* [Directions]:
Retype, please, the listing from its opening line through the line that contains "19일 코로나19 국내", both included, without the pictures.

* [Given records]:
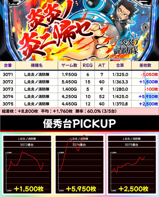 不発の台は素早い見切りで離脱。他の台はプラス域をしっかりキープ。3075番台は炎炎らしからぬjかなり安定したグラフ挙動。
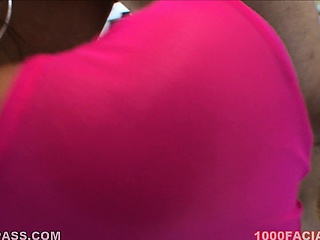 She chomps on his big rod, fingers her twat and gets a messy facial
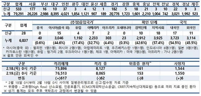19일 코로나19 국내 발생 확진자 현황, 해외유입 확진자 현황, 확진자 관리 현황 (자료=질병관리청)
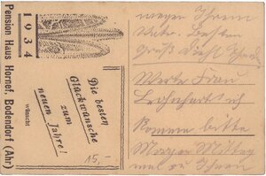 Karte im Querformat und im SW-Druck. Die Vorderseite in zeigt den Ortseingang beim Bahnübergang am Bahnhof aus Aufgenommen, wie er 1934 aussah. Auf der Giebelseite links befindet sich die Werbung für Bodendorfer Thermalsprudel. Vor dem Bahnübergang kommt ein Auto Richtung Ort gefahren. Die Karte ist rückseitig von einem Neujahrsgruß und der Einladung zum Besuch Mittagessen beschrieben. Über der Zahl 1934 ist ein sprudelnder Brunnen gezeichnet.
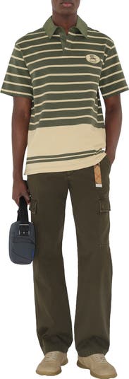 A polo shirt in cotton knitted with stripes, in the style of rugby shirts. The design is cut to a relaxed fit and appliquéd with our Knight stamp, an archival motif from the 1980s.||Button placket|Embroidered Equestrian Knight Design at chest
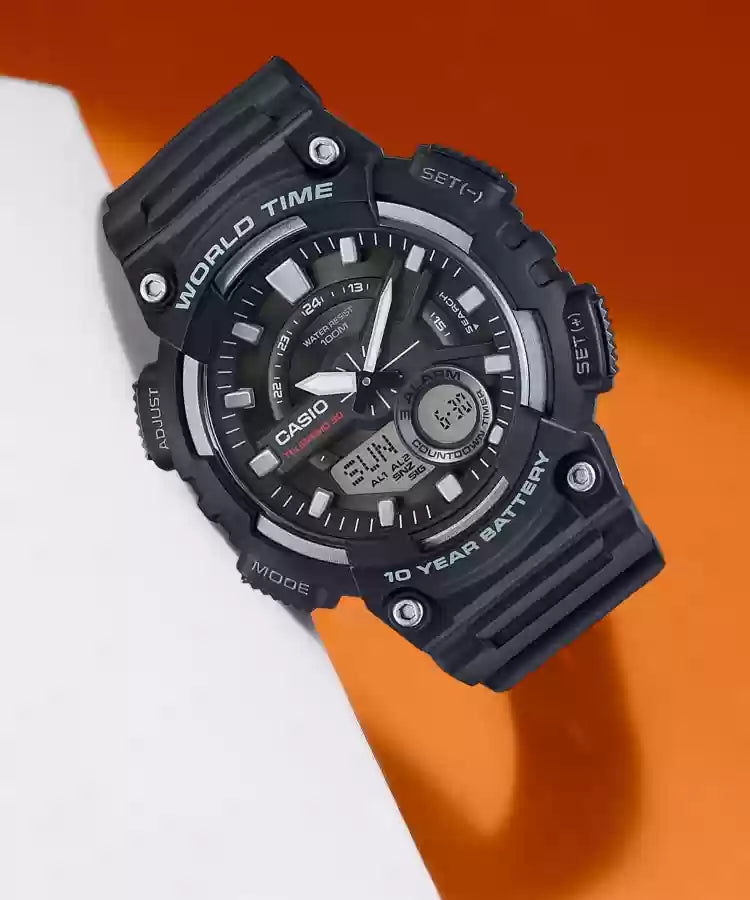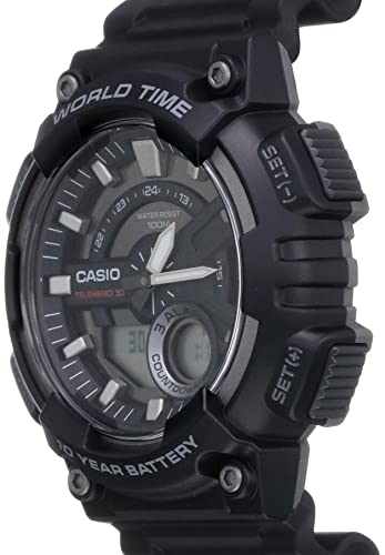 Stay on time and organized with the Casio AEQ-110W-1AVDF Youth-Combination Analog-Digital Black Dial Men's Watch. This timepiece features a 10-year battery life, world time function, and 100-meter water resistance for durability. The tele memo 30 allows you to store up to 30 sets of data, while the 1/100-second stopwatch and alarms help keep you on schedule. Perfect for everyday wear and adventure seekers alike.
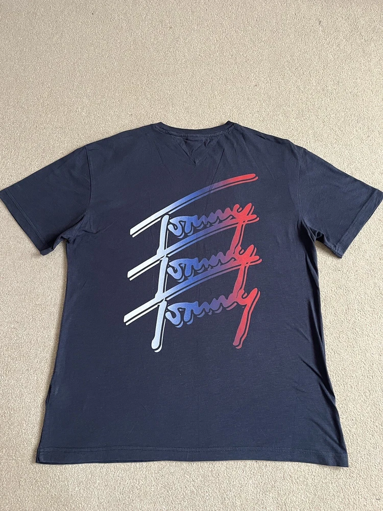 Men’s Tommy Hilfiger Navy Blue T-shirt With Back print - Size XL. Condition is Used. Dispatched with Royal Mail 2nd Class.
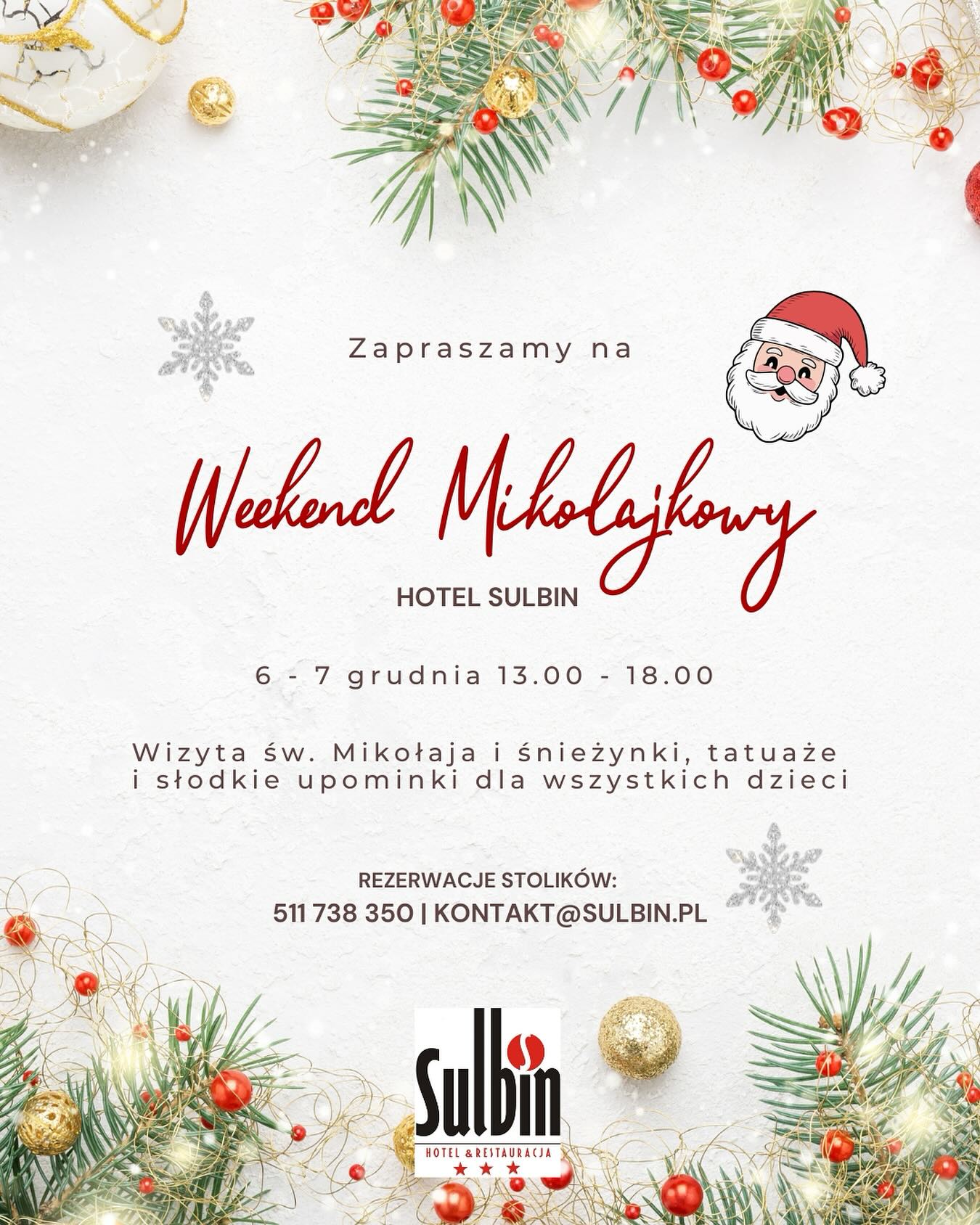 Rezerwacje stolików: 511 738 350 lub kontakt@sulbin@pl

* [Exercise answer]:
 不発の台は素早い見切りで離脱。他の台はプラス域をしっかりキープ。3075番台は炎炎らしからぬjかなり安定したグラフ挙動。
 She chomps on his big rod, fingers her twat and gets a messy facial
19일 코로나19 국내 발생 확진자 현황, 해외유입 확진자 현황, 확진자 관리 현황 (자료=질병관리청)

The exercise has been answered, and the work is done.